Stored items from a collection

== Segment start ==

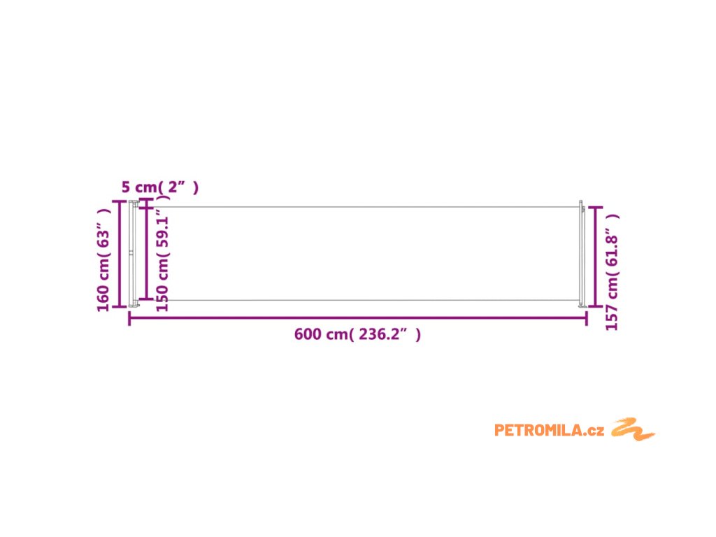 Zatahovací boční markýza/zástěna na terasu 160x600 cm krémová
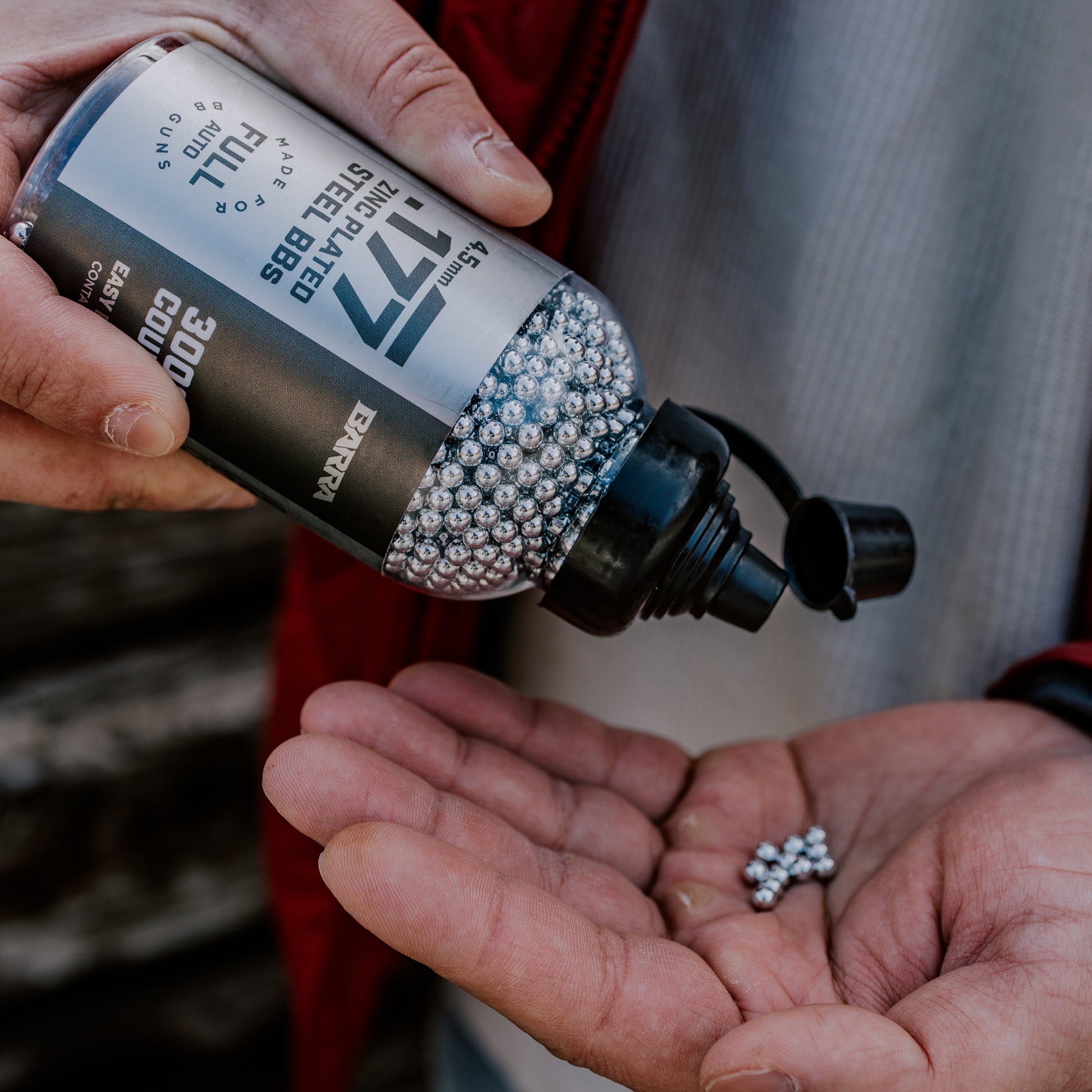 Designed for precision, engineered for performance. Barra Airguns Zinc-Plated Steel BBs have been rigorously tested in a wide range of airguns, across different climates and shooting conditions, ensuring top-tier reliability. While optimized for the 400e full-auto air rifle, these BBs deliver exceptional performance in CO₂, multi-pump, and spring-powered airguns alike.
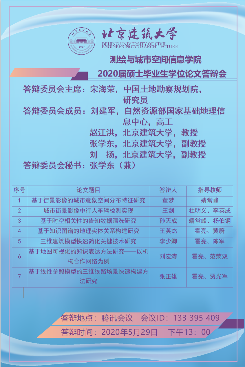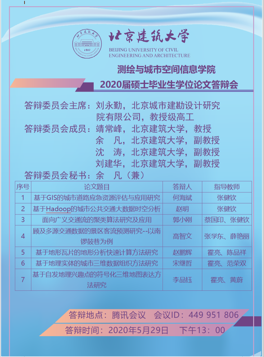 测绘与城市空间信息百合漫画 城市信息化研究所2020届硕士研究生答辩
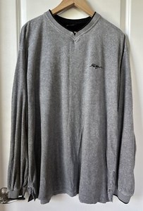 Vintage Fubu Shirt Mens Large Gray Terry Cloth Y2K Spellout V Neck Long Sleeve
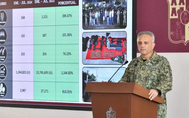 - Además, se decomisaron 15 millones 745 mil 695 litros de combustible robado a Petróleos Mexicanos (PEMEX) en el periodo enero-julio de este año, un alza de mil 164% respecto a los primeros siete meses del 2024.
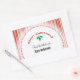 Este adesivo de retângulo apresenta um fundo com padrão de listra vertical vermelha e dourada, um círculo branco acentuado com holly de Natal verde e o texto: MERRY CHRISTMAS da cozinha de: (e texto personalizável para você adicionar seu nome). Este adesivo personalizado é perfeito para selar doces de Natal que você fez como presente para uma pessoa especial.
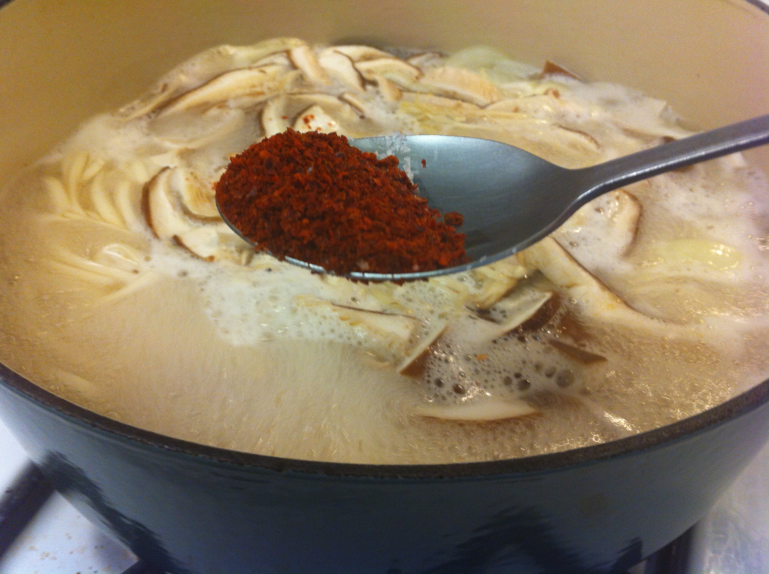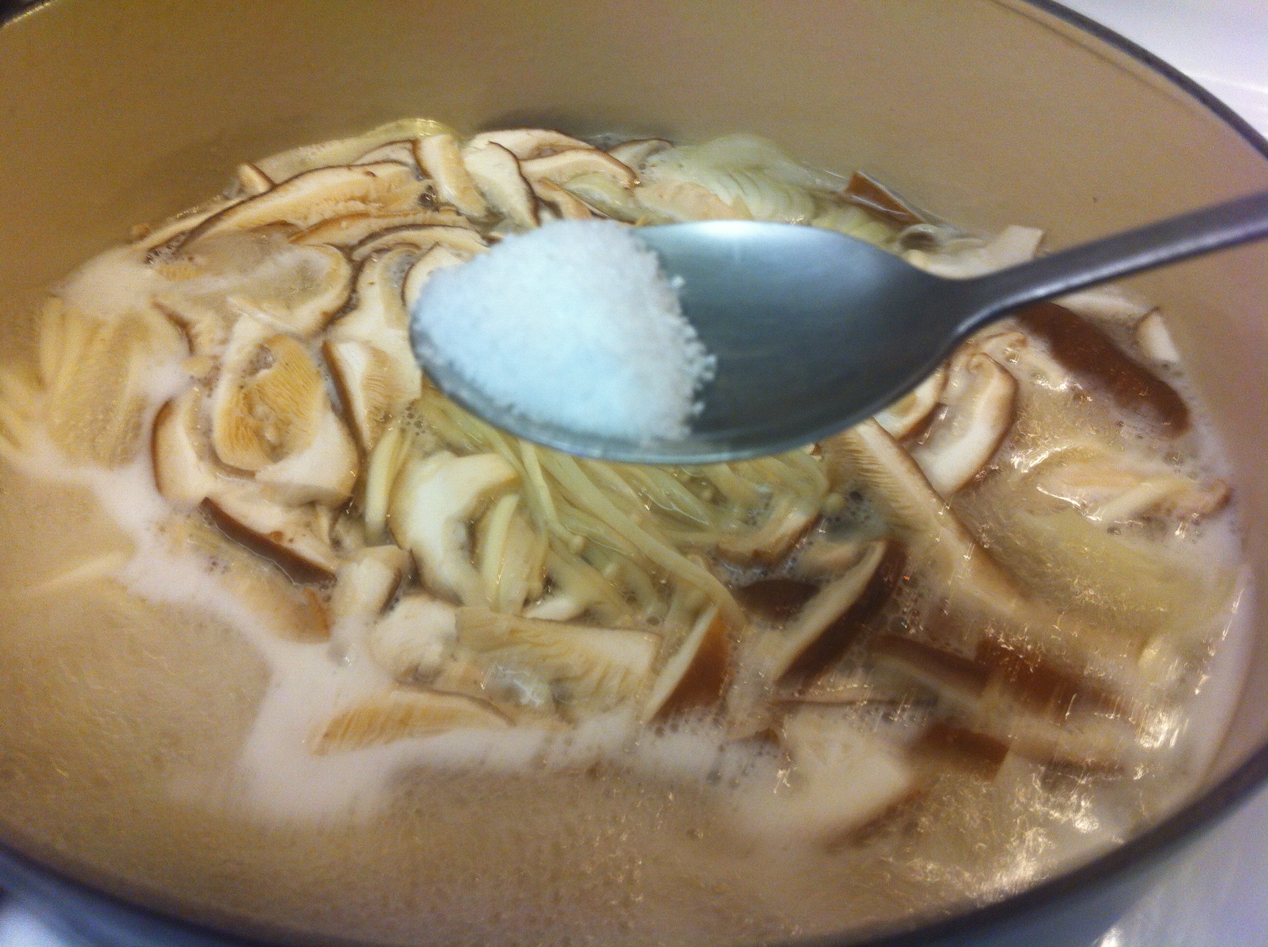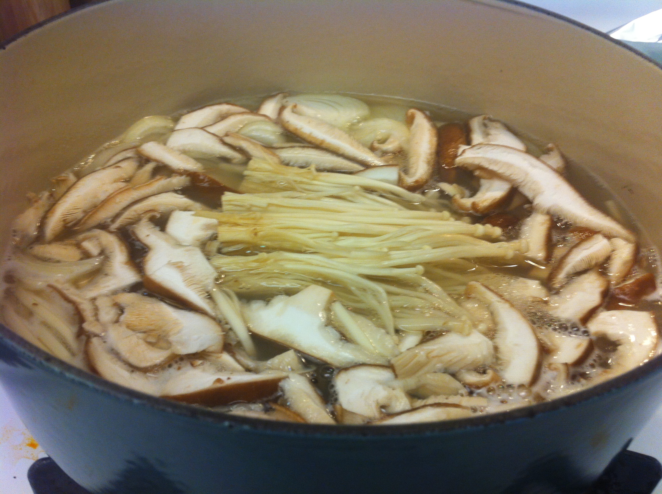 3. Add the kalguksoo or Korean wheat noodles, onion, garlic and mushrooms.IMG_3004IMG_3490 IMG_3492
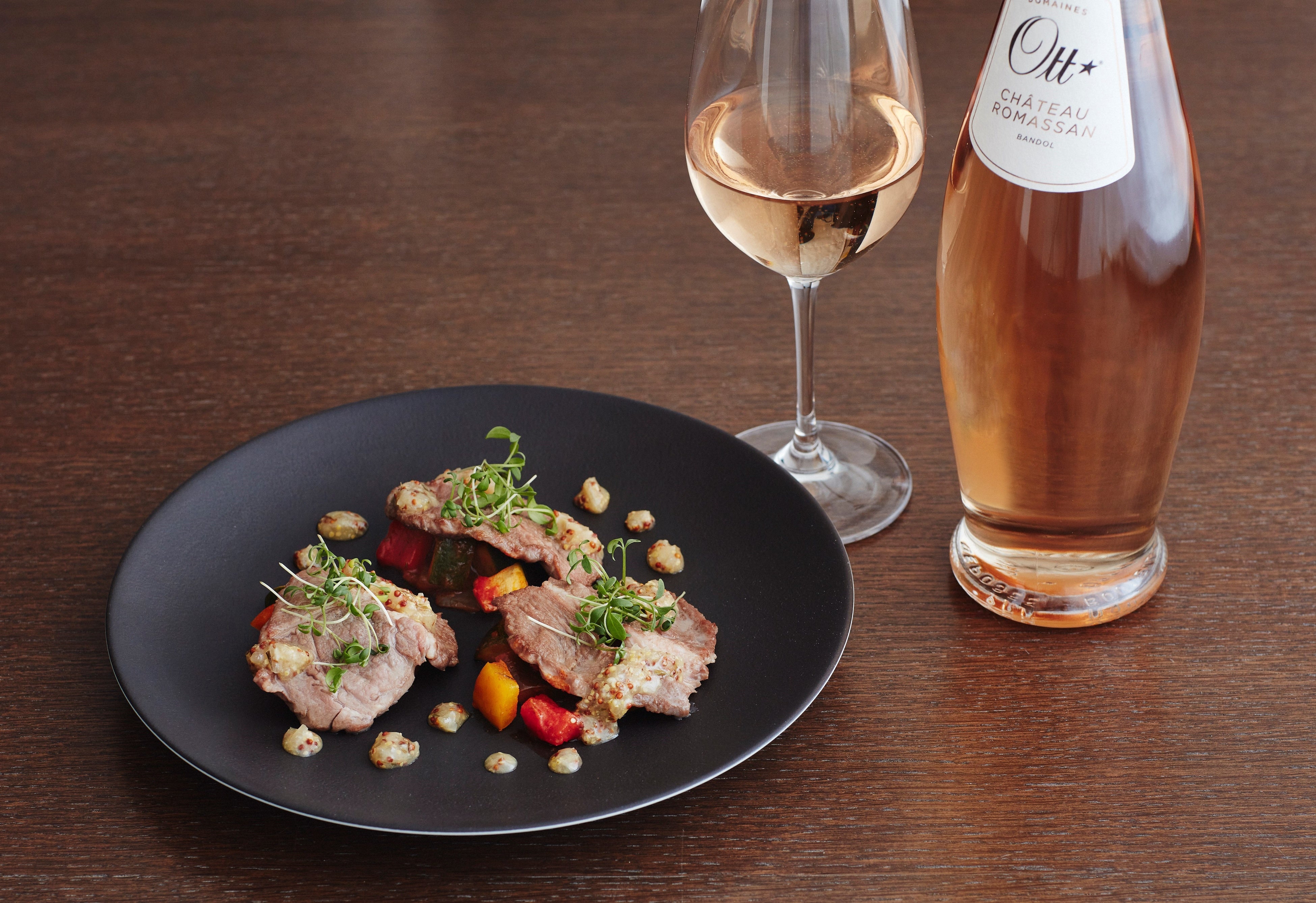 飼料が異なるラム肉の味わいの違いをお楽しみいただけます。特有の風味があるラム肉をさっぱりいただける粒マスタードソースのレシピと、その魅力を絶妙に引き出すロゼワインがセットになっています。
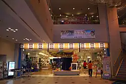 The Awa Odori Hall (阿波おどり会館, Awa Odori Kaikan) is a museum in the city of Tokushima where visitors can learn about Awa Odori, watch displays of the dance and sample local products. It is located at the base of the 280m-high Mount Bizan.[1] The hall also acts as a gateway to neighboring Mount Bizan with the location of a ropeway station on Level five.
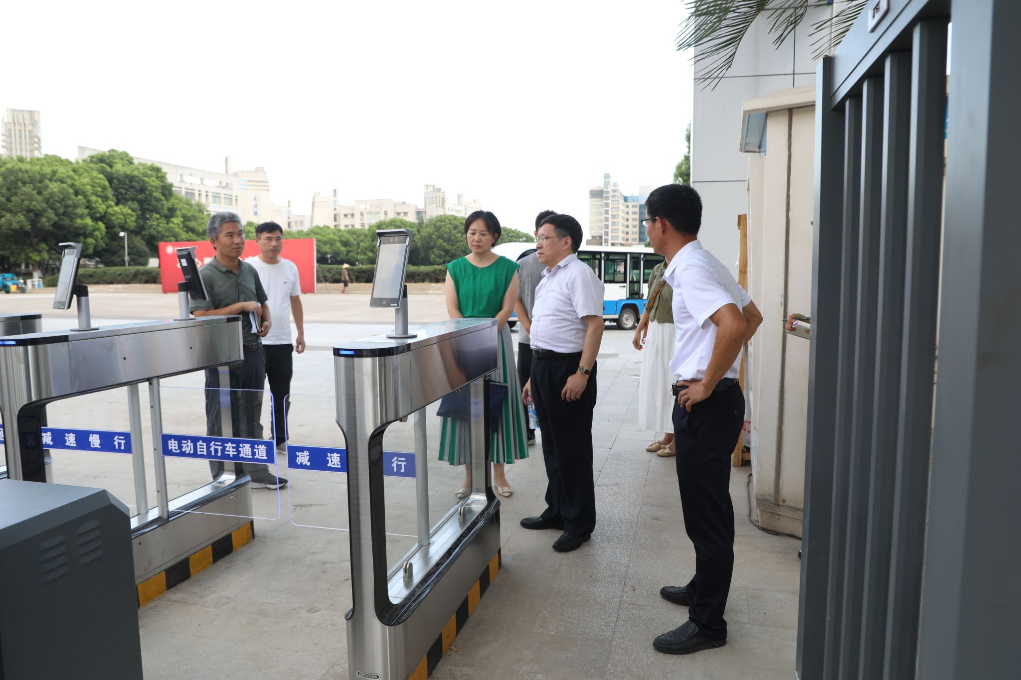 汪胜前一行前往润园、沁园和超市,检查食品卫生安全及开餐准备情况,现场查看了食堂从业人员健康证和“互联网+明厨亮灶”平台,强调要加强从业人员安全教育和食堂内部规范管理,做好全方位、全流程监控,确保燃气安全和各类消防设施配备到位。检查组还前往学校西大门、北门、学生宿舍查看校园道闸及访客系统建设情况和学生公寓安全管理及开学初准备情况,对检查中发现的问题及可能存在的风险隐患进行了现场反馈,并提出整改指导意见。
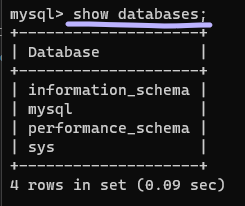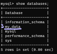 데이터베이스를 생성했으니 다시 show databases로 확인하면 정상적으로 생성된 것을 확인할 수 있다.
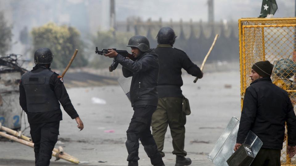 Police and paramilitary forces fired tear gas and rubber bullets at the protesters to disperse them. However, the security forces pulled back after the crackdown turned deadly.

== Segment end ==

• _TASK ITEM_:
Output all of the data exactly as it stands, minus any images.

• _FINISHED TASK_:
 Zatahovací boční markýza/zástěna na terasu 160x600 cm krémová
 Designed for precision, engineered for performance. Barra Airguns Zinc-Plated Steel BBs have been rigorously tested in a wide range of airguns, across different climates and shooting conditions, ensuring top-tier reliability. While optimized for the 400e full-auto air rifle, these BBs deliver exceptional performance in CO₂, multi-pump, and spring-powered airguns alike.
 测绘与城市空间信息百合漫画 城市信息化研究所2020届硕士研究生答辩
 Vintage Fubu Shirt Mens Large Gray Terry Cloth Y2K Spellout V Neck Long Sleeve
 - Además, se decomisaron 15 millones 745 mil 695 litros de combustible robado a Petróleos Mexicanos (PEMEX) en el periodo enero-julio de este año, un alza de mil 164% respecto a los primeros siete meses del 2024.
 Este adesivo de retângulo apresenta um fundo com padrão de listra vertical vermelha e dourada, um círculo branco acentuado com holly de Natal verde e o texto: MERRY CHRISTMAS da cozinha de: (e texto personalizável para você adicionar seu nome). Este adesivo personalizado é perfeito para selar doces de Natal que você fez como presente para uma pessoa especial.
 3. Add the kalguksoo or Korean wheat noodles, onion, garlic and mushrooms.IMG_3004IMG_3490 IMG_3492
 飼料が異なるラム肉の味わいの違いをお楽しみいただけます。特有の風味があるラム肉をさっぱりいただける粒マスタードソースのレシピと、その魅力を絶妙に引き出すロゼワインがセットになっています。
 The Awa Odori Hall (阿波おどり会館, Awa Odori Kaikan) is a museum in the city of Tokushima where visitors can learn about Awa Odori, watch displays of the dance and sample local products. It is located at the base of the 280m-high Mount Bizan.[1] The hall also acts as a gateway to neighboring Mount Bizan with the location of a ropeway station on Level five.
 汪胜前一行前往润园、沁园和超市,检查食品卫生安全及开餐准备情况,现场查看了食堂从业人员健康证和“互联网+明厨亮灶”平台,强调要加强从业人员安全教育和食堂内部规范管理,做好全方位、全流程监控,确保燃气安全和各类消防设施配备到位。检查组还前往学校西大门、北门、学生宿舍查看校园道闸及访客系统建设情况和学生公寓安全管理及开学初准备情况,对检查中发现的问题及可能存在的风险隐患进行了现场反馈,并提出整改指导意见。
 데이터베이스를 생성했으니 다시 show databases로 확인하면 정상적으로 생성된 것을 확인할 수 있다.
 Police and paramilitary forces fired tear gas and rubber bullets at the protesters to disperse them. However, the security forces pulled back after the crackdown turned deadly.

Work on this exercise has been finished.